▸ Task instructions: Would you reproduce, word for word, only the lines running from the top of the data through the line containing "Результат — современная", and none of the pictures?

▸ Dataset records:
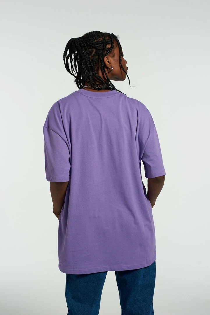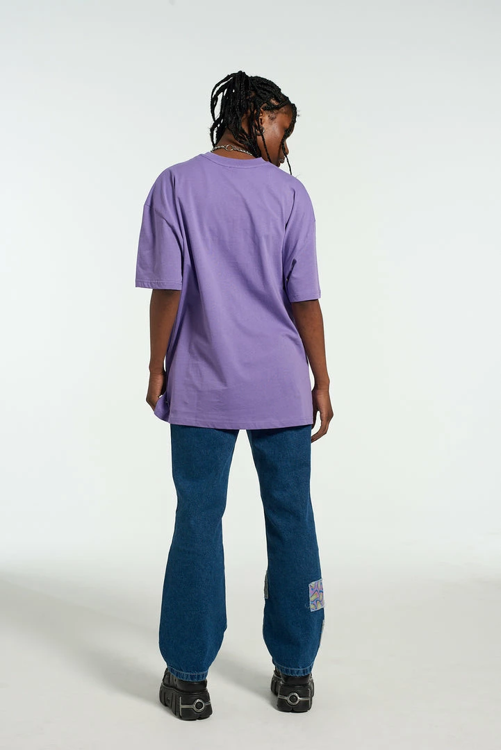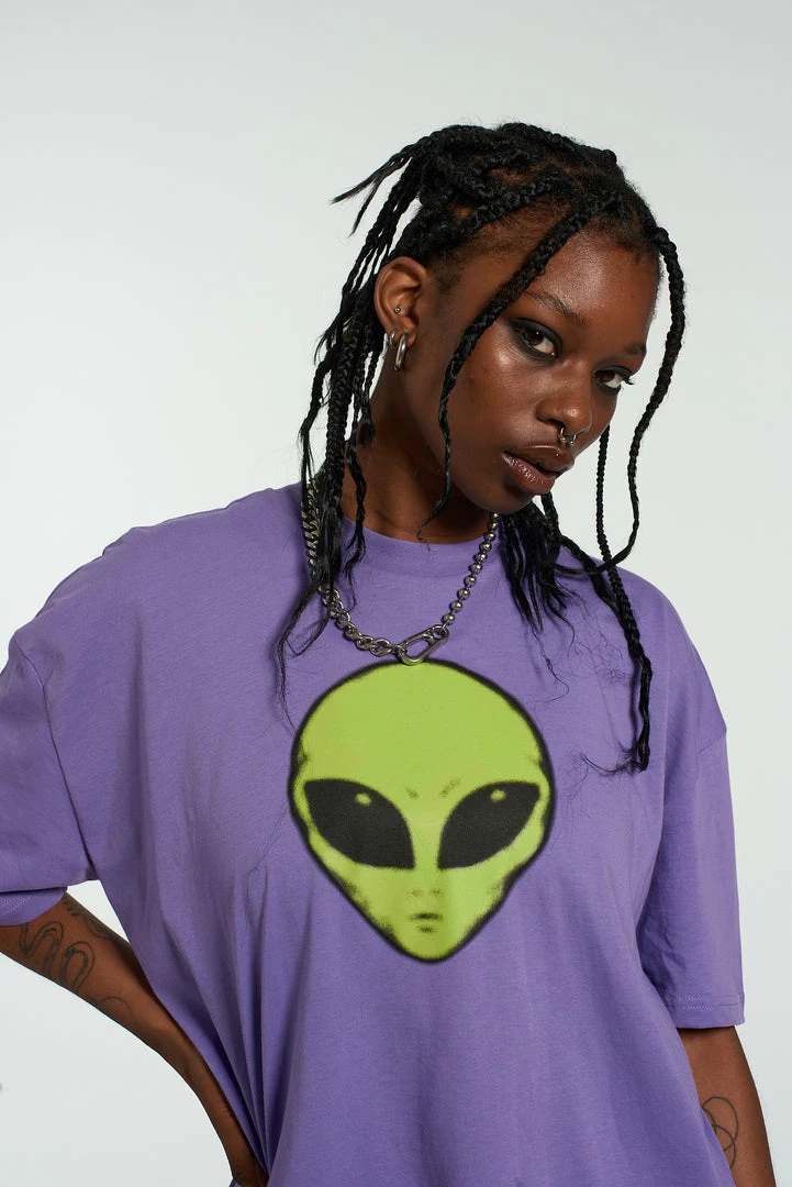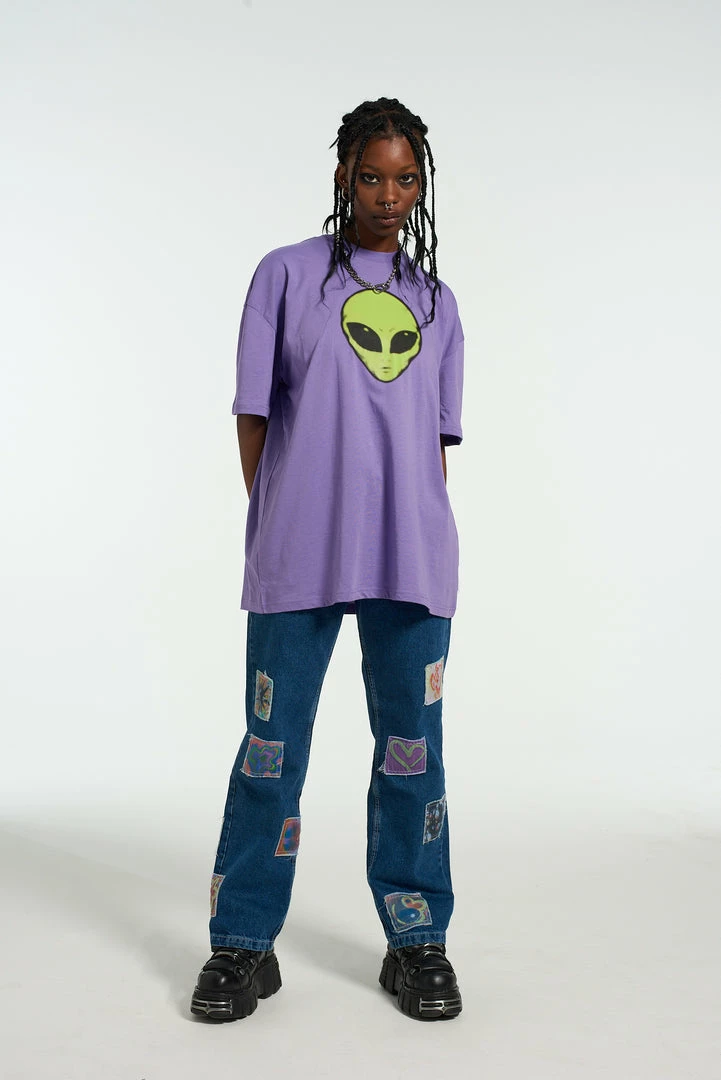The Ragged Priest Purple oversized t-shirt with green alien central print.
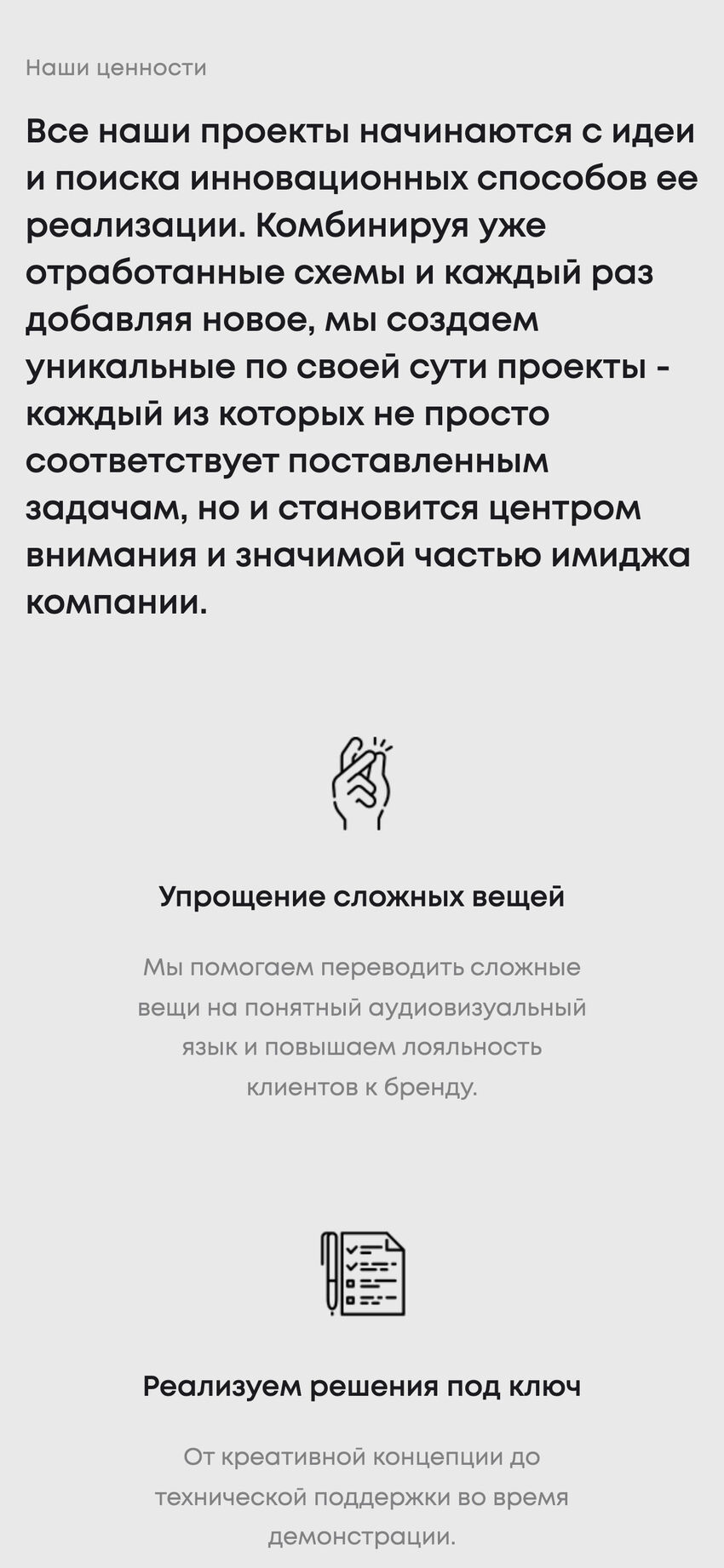 Результат — современная онлайн-платформа, которая подчёркивает творческую смелость и высокий профессионализм агентства, сохраняя при этом лёгкость и интуитивность взаимодействия.
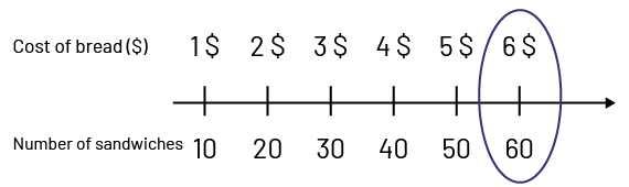 Using a double number line, the top number shows a scaling by one, which is the cost of bread, and the bottom number shows a scaling by 10, which is the number of sandwiches. The ratio here is 1 to 10 since the multiplicative relationship between 2 and 20 is 10.
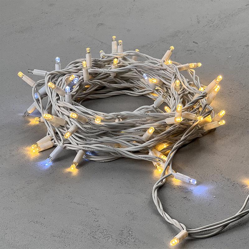 Гирлянда Нить 10 м Тепло-Белая с Мерцанием Белого Диода, 75 LED, Белый Каучук, 220 В, IP65, LTC
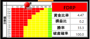 練習君2には、販売元の提唱する「Forex Dogの破産確率」を計算する機能が付いており、それまでの検証で、どれくらいの確率で破産することがあるのかをリアルタイムで求めてくれます。
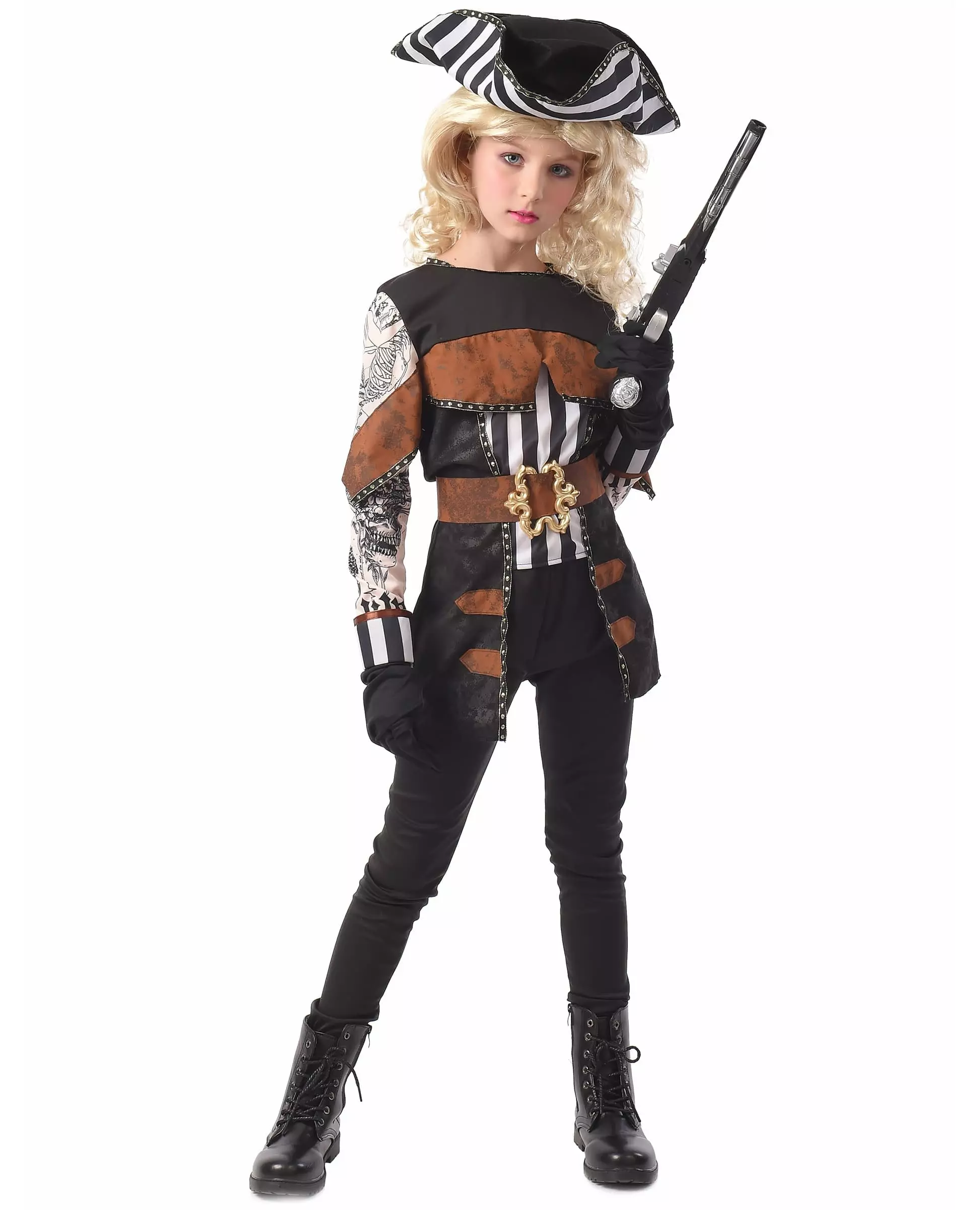 En ekte pirat til karnevalet! Dette tatoverte piratkostymet for jenter består av en topp, bukser, et belte og en hatt (sko, hansker, parykk og pistol er ikke inkludert). Toppen er svart og brun. Den er dekorert med svarte og hvite striper og har en falsk svart vest. Ermene er hvite med svarte mønstre som ser ut som falske tatoveringer. Beltet er brunt med en vakker gullbeltespenne. Den festes enkelt til livet. Hatten er en trefarget hatt. Den er svart på toppen og er dekorert med svarte og hvite striper. Kostymet inkluderer også svarte bukser. Dette tatoverte piratkostymet vil være perfekt for datteren din når hun skal på snowboard under karnevalet eller en pirattemafest!. Inkludert tilbehør: Topp, bukser, belte, hatt, pleie: Håndvask
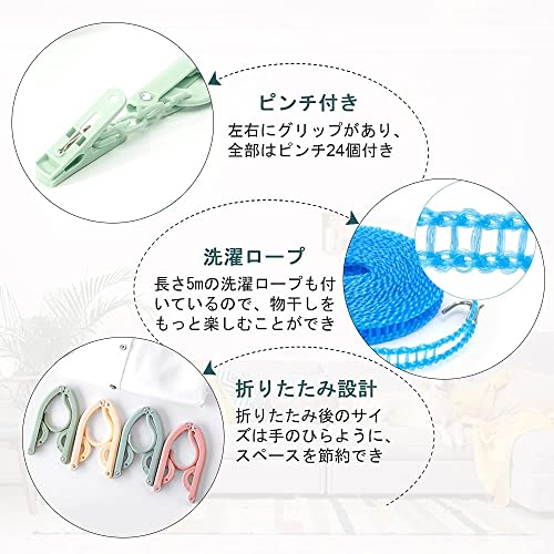 【ピンチと洗濯ロープ付き】この携帯ハンガーは左右にグリップがあり、全部はピンチ24個付き、ただ服の物干しハンガーではなく、靴下、下着など小さい物にも適用します。また、長さ5mの洗濯ロープも付いているので、物干しをもっと楽しむことができます。
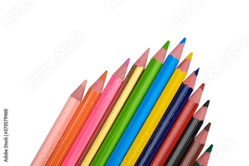 Beautiful arrow pattern made with some different wood pencil crayons on white background
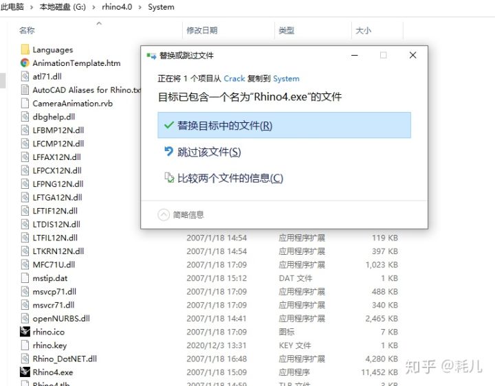 复制的是破解文件夹Crack中的Rhino4.exe、被粘贴替换掉的是软件安装目录内的exe启动文件。

▸ Result below:
The Ragged Priest Purple oversized t-shirt with green alien central print.
 Результат — современная онлайн-платформа, которая подчёркивает творческую смелость и высокий профессионализм агентства, сохраняя при этом лёгкость и интуитивность взаимодействия.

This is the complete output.